Saturday, October 14, 2017

He Said WHAT?

We still have difficulty grasping the undercurrent that lurks in the shadows of the independence movement in Catalan, headquartered in Barcelona, and the Spanish government rooted in Madrid.

For some perverse reason the royalist government, well rooted in Spain's fascist near past under the dictator Francisco Franco, insists on overplaying its hand. It began when Madrid sent its storm troops, the Guardia Civil, into Catalan two weeks ago to beat up peaceful Catalans holding an independence referendum. The ghost of that murderous old bastard Franco rode again.

Now this.

The warning from the spokesman of Spain's ruling party stopped hearts across Catalonia: If Carles Puigdemont declared independence, he might "end up like the man who declared it 83 years ago".

That man was Lluis Companys, the Catalan president who was imprisoned and later executed by the dictatorship of General Francisco Franco.

Today his death, on October 15, 1940, will be marked by a march to Barcelona's Montjuic Castle, the site of the public act of punishment which still rankles deep in Catalans' historical consciousness. Accompanied by his entire cabinet, Mr Puigdemont will lay a wreath at the tomb of Companys, whose reported cry "For Catalonia!" as he faced the firing squad immortalised him as a martyr to the modern day independence movement.

As the Catalonia crisis deepens, -nationalist tempers are flaring and civil war insults flying in both directions, polarising Spain further into two -distinct realities where one side's -traitor is the other's hero.

"They criticise our schools and the way we teach history," said Elisenda Paluzie, economy professor at the University of Barcelona. "Who? Those who have political leaders who ignore the shooting of Companys."

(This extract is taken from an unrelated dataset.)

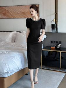 2025 新しい夏の女性のフレンチパールラウンドネックウエスト膝上黒ミッドレングスヘップバーンスタイルドレス 9009

As long-simmering resentments -surface, sights that many regarded as consigned to history are once again -being witnessed. Members of Franco's Falange - small but increasingly active - perform the fascist salute and sing the dictatorship anthem Cara al Sol at protests against Catalan independence.

Hopes of dialogue - always slim - fade further with each seething exchange. Mr Puigdemont has suspended Catalonia's declaration of independence to allow for talks, while Mr Rajoy holds out the prospect of national -constitutional reform if he retracts the declaration entirely.

But many on both sides feel they are past the point of no return, and the -suspension of Catalonia's autonomy looms. Experts lay at least some of the blame with Spain's failure to deal with the legacy of the dictatorship, hastily swept under an amnesty law after the death of Franco in 1977.

Goran Lindblad, president of the Platform of European Memory and Conscience, said Spain needed to take steps to address the lingering pain of the dictatorship years, adding: "There are always problems when a totalitarian past has not been properly managed."

As for Mr Casado's conjuring of -Companys' fate, he said: "It is not responsible to talk about executions in a democracy."

This is hardly a time to bare the bloody fangs of fascism of just a few decades past when Franco, backed by Hitler's Nazis, crushed the Republic and, over time, slaughtered 400,000 political opponents and dissenters.  That monstrous history is a stain seemingly worn with some pride by senior members of the royalist government in Madrid.